No one has been fired for choosing AWS.


Hypothesis: the big three US cloud providers are not really trying to be competitive in the European market. Their EU datacenters price in the convenience of a consistent dev/ops story when a US company extends its primarily US footprint into Europe. They are a bad deal for entirely European ops, but this story doesn’t generalize to the US. US dedicated server pricing is much closer to cloud pricing.


Great write-up, and I've got to say that the biggest takeaway from it, for me, is that the cloud pie has more sections than I thought it did. Well, I guess in the back of my mind I knew there were quite a few providers, but I never paid serious attention.

From now on, I'll make a conscious effort of at least taking a look beyond the most popular providers (and Heroku), and not just for the sake of cutting costs.
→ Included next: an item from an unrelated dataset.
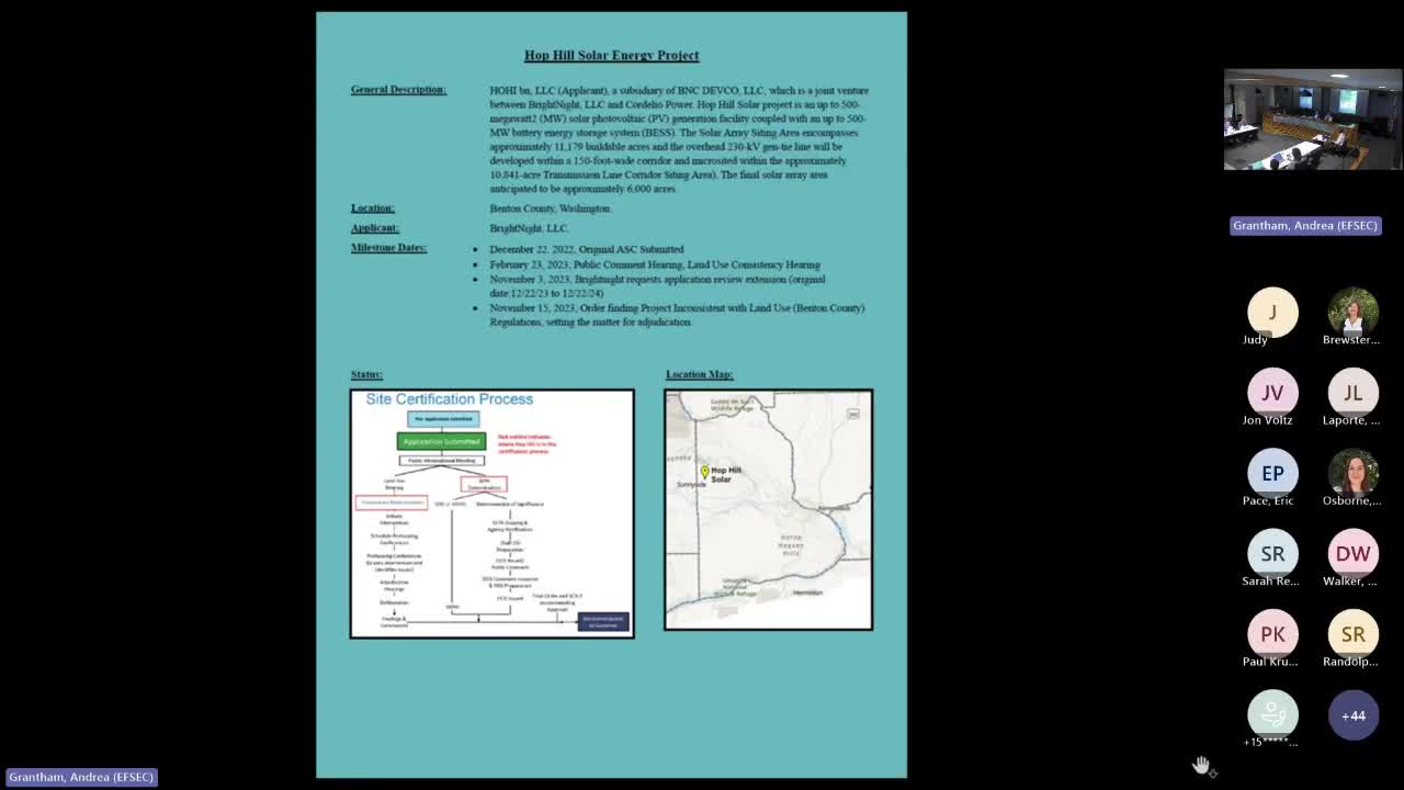 FSEC awaits supplemental materials for Hop Hill and Wallula Gap projects; SEPA and wetland reviews pending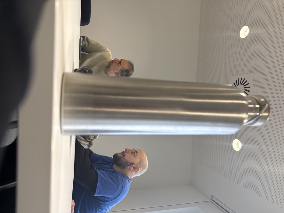 The scene is an interior shot of a modern meeting room located in Berlin, Germany. A tall, cylindrical, brushed stainless steel water bottle stands out of focus in the immediate foreground, positioned centrally on a white table. Behind the water bottle, two adult males are seated at the same white table. To the left, a man with short, greying dark hair, wearing a light-colored long-sleeved top, is visible from the chest up. He is looking towards his right, with his left arm resting on the table. A dark blue chair back is partially visible to his immediate left. To the right, a man with a shaved head and a dark beard, wearing a blue short-sleeved t-shirt over a black long-sleeved shirt, is also visible from the chest up. He is looking towards his left, displaying a slight smile, with his right arm resting on the table. A dark, indistinct object is partially visible on the table between the two individuals. The room's environment consists of plain white walls and a white acoustic tile ceiling featuring multiple recessed circular light fixtures and a square air vent with radial louvers. A partial view of a window or light source is present on the far right of the frame. The lighting within the room is bright and consistent. The men appear to be engaged in a shared observation or conversation, although no explicit interaction is depicted.

Amazon hides a lot of extra paid features that are free in dedicated servers. I got cut by their practices of hiding prices while trying to experiment with "free-tried" someone recommended me. Amazon made it really easy to subscribe to paid features. After first $50 bill I moved to kimsufi where I have more memory, disk, transfer and public addresses for €5/monthly.


I felt there are several important things missing in the article, and things that not mentioned in the 160 comments so far.

AWS listed Rate are literally for small fish. Which is the stage you get your $100K / 1% of your Investment. In the 10x example, let say $1M, you should start asking for discount. And it could range anywhere from 20% to much higher. Compared to OVH which is already offering at a very low price. The price stays the same at scale.

Amazon are also going full steam ahead with their own ARM instances, and those offering are 20% cheaper listed already. And in many cases they even perform better per vCore than Intel. On x86 instances vCore is a Thread, while on ARM instances vCore is an actual Core. ( Assuming your Apps works with ARM. )

Network quality - OVH, DO, Linode, none of them are any where near as good as AWS in terms of Network connection speed, routing and capacity. And this is something you can recreate with other IaaS such as OVH.

All this brings AWS to a much lower multiple of OVH. And then you add up all the extra benefits such as easier to hire, Resume Driven Development, Asset vs Lease Tax Break / Financial Engineering etc.

I really do wish Google and Microsoft brings in more competition though. As the author mentioned he was surprised with no single monopoly. Because the market is growing faster than all of these HyperScaler can handle. Intel has been selling as many Server CPU as they could Fab them.


I’m surprised no one has mentioned the number of data centers that AWS offers. Good luck using OVH anywhere but France/US east coast.


If all you need is a few VMs, then there's no real reason you have to be stuck on a single provider. If OVH only has servers on the east coast, then you find another provider for the west coast. I've never used OVH, but I doubt creating an account with them (and other providers) is difficult. Shopping around is the only way to get the best prices.

Maybe it's mildly annoying to have to deal with multiple hosting accounts, but that's a small price to pay for potentially huge savings, IMO.


Why? They have 8 PoPs stretching from US west coast to Singapore and Australia. That seems pretty okay.


The lawyer/legal department bottlenecks on cloud usage is a pretty maddening aspect of corporate cross-shopping of clouds.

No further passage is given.